**WHAT NEEDS TO BE DONE**
Repeat each record exactly. Any picture gets left out.
(SOURCE DATA)
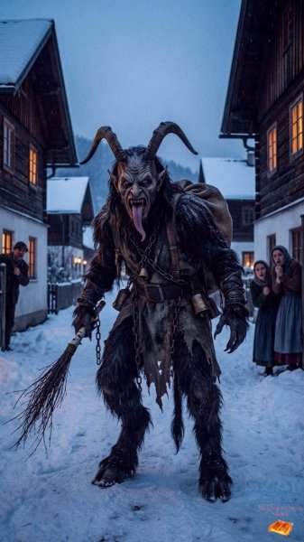 Описание: КрампусЛегендарная фигура в фольклоре альпийского региона, «рождественский чёрт», спутник и одновременно антипод Николая Чудотворца, а также название обходного обряда в ночь с 5 на 6 декабря.
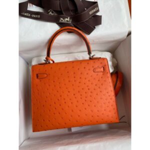 Hermes Kelly Sellier 25 Handmade Bag In Orange Ostrich Leather
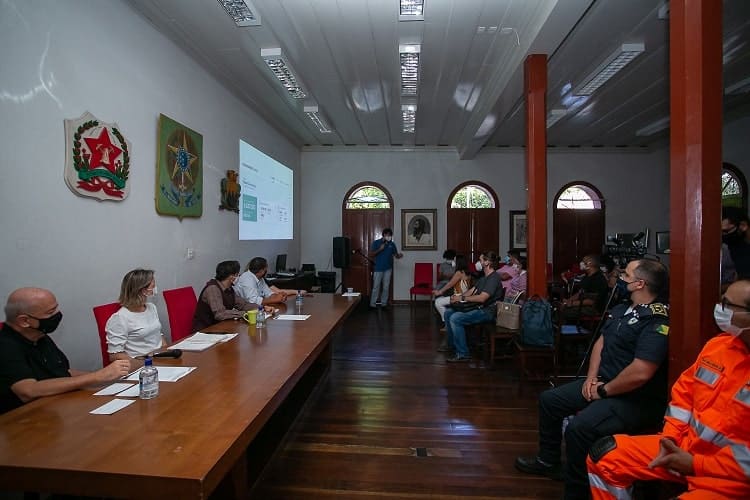 Para anunciar as medidas restritivas contra a Covid-19, a Prefeitura de Ouro Preto acabou promovendo uma pequena aglomeração na coletiva de imprensa, realizada na tarde dessa sexta-feira (05). Além de representantes dos veículos de comunicação da região, o evento reuniu diversos secretários municipais e vereadores, além de representantes de instituições que atuam no combate ao coronavírus, como a Universidade Federal de Ouro Preto, Polícia Militar, Corpo de Bombeiros e Guarda Municipal. A coletiva também foi transmitida pela página do Executivo no Facebook.
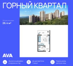 Продается студия в доме (Литер 2), срок сдачи : 3 кв. 2026, общей площадью 26.4 кв.м., на 9 этаже в новом современном жилом комплексе в Сочи "Горный квартал", Хостинский район. Отличный вариант для инвестиций и жизни.
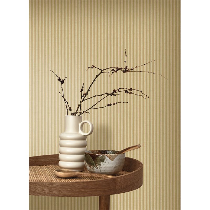 Papel pintado micro rayas beige, elegante y atemporal, con un aire natural y envejecido que realza interiores sobrios.
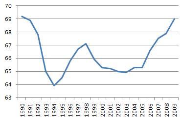 Отметим, что эти тенденции прослеживаются только в наиболее развитых странах. В большинстве стран ситуация заметно другая.
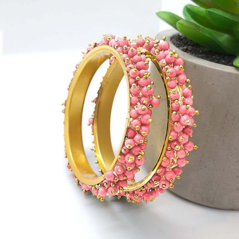 Pink Metal Pearl Gold-plated Bangle Set (Pack of 2)
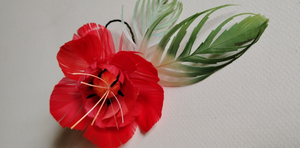 Réalisation d’une fleur en plumes, pouvant être déclinée en bijou de cheveux (bijou de tête) ou en élément décoratif monté sur tige de laiton.
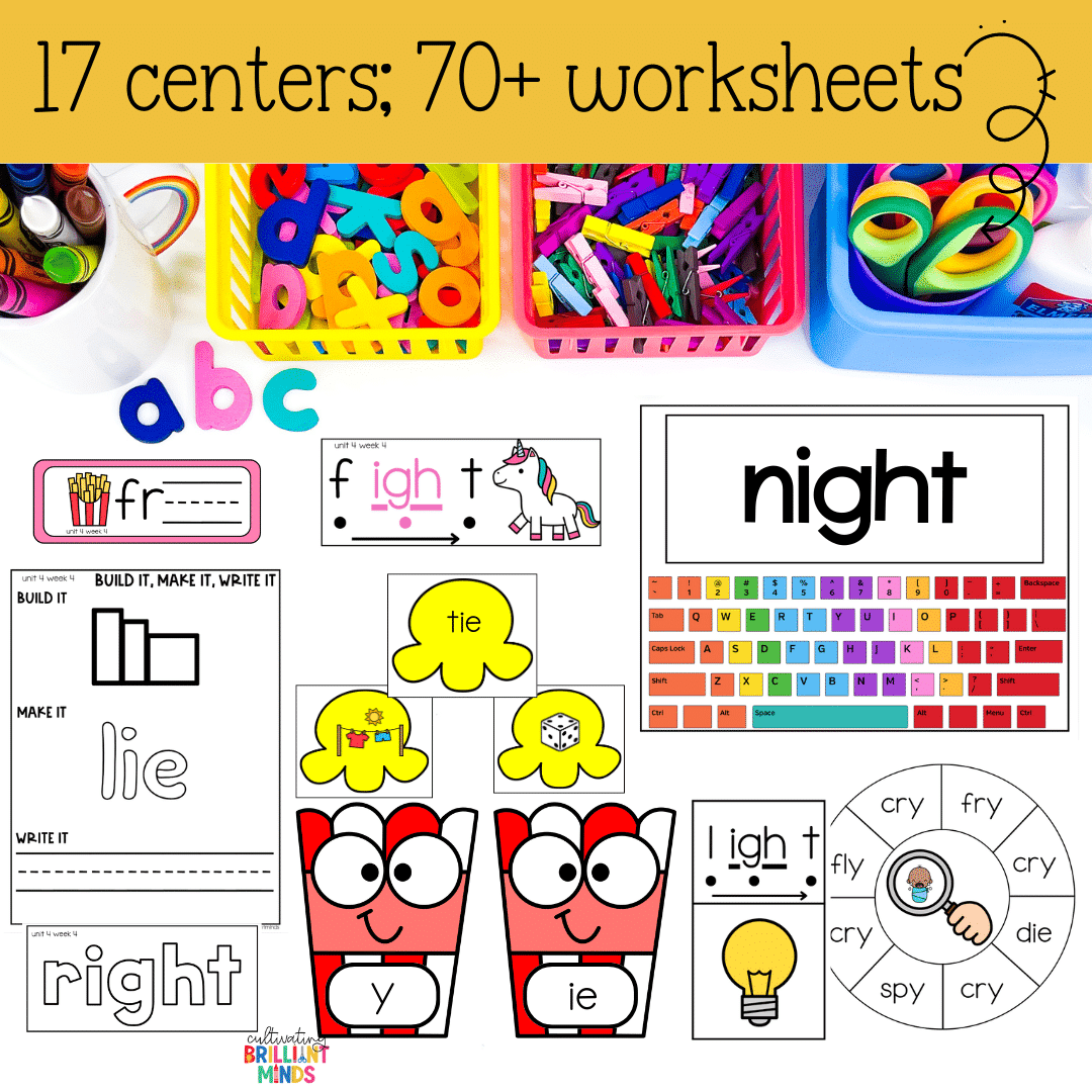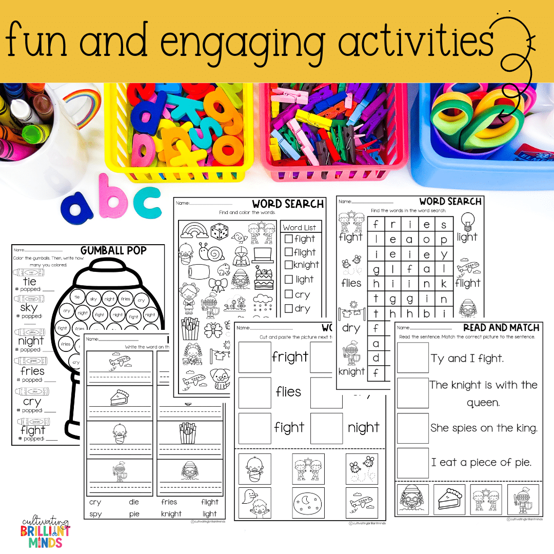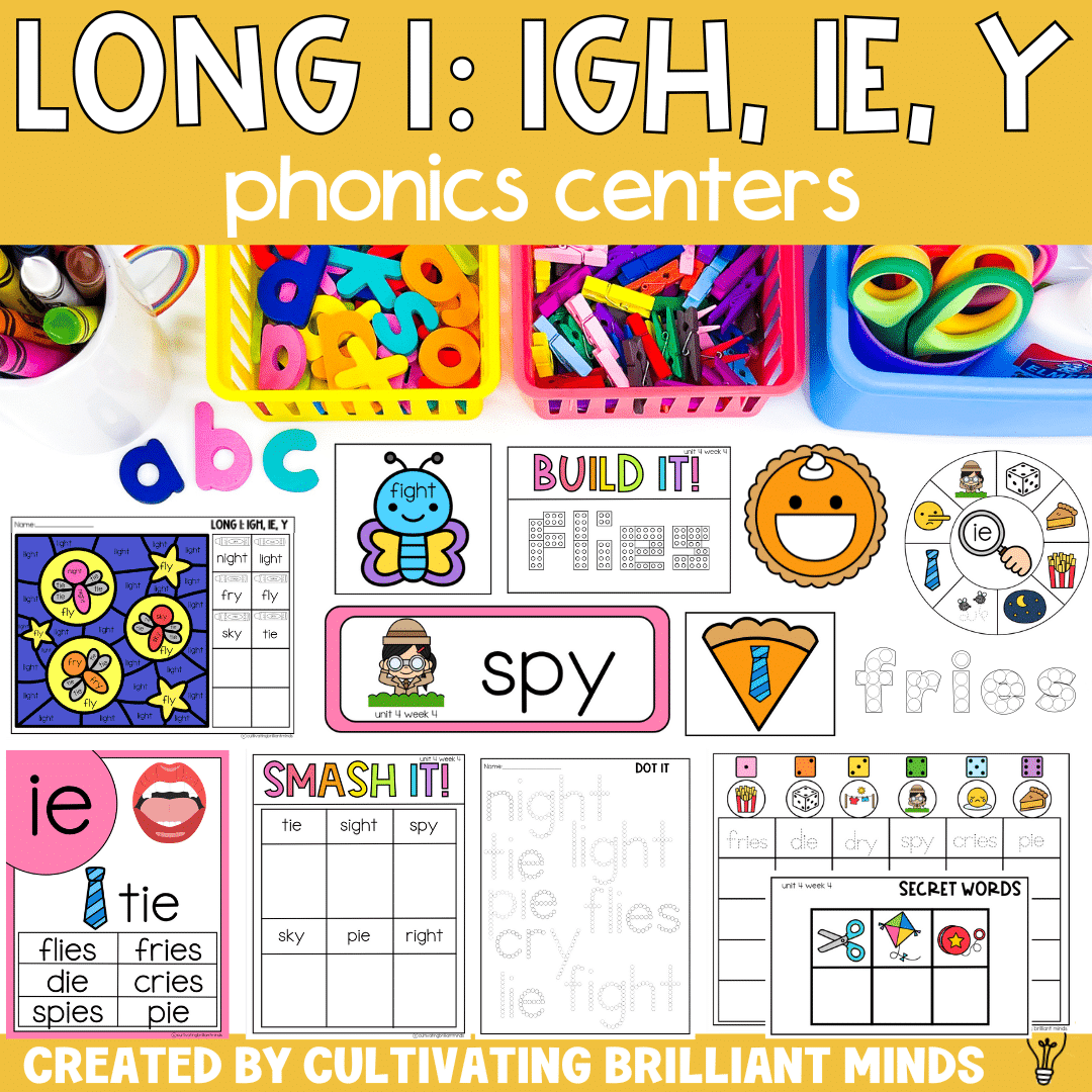 Vowel Teams Phonics Centers & Worksheets | Long I: IGH, IE, Y Phonics Activities
(End SOURCE DATA)
**RESPONSE AREA**
 Описание: КрампусЛегендарная фигура в фольклоре альпийского региона, «рождественский чёрт», спутник и одновременно антипод Николая Чудотворца, а также название обходного обряда в ночь с 5 на 6 декабря.
 Hermes Kelly Sellier 25 Handmade Bag In Orange Ostrich Leather
 Para anunciar as medidas restritivas contra a Covid-19, a Prefeitura de Ouro Preto acabou promovendo uma pequena aglomeração na coletiva de imprensa, realizada na tarde dessa sexta-feira (05). Além de representantes dos veículos de comunicação da região, o evento reuniu diversos secretários municipais e vereadores, além de representantes de instituições que atuam no combate ao coronavírus, como a Universidade Federal de Ouro Preto, Polícia Militar, Corpo de Bombeiros e Guarda Municipal. A coletiva também foi transmitida pela página do Executivo no Facebook.
 Продается студия в доме (Литер 2), срок сдачи : 3 кв. 2026, общей площадью 26.4 кв.м., на 9 этаже в новом современном жилом комплексе в Сочи "Горный квартал", Хостинский район. Отличный вариант для инвестиций и жизни.
 Papel pintado micro rayas beige, elegante y atemporal, con un aire natural y envejecido que realza interiores sobrios.
 Отметим, что эти тенденции прослеживаются только в наиболее развитых странах. В большинстве стран ситуация заметно другая.
 Pink Metal Pearl Gold-plated Bangle Set (Pack of 2)
 Réalisation d’une fleur en plumes, pouvant être déclinée en bijou de cheveux (bijou de tête) ou en élément décoratif monté sur tige de laiton.
 Vowel Teams Phonics Centers & Worksheets | Long I: IGH, IE, Y Phonics Activities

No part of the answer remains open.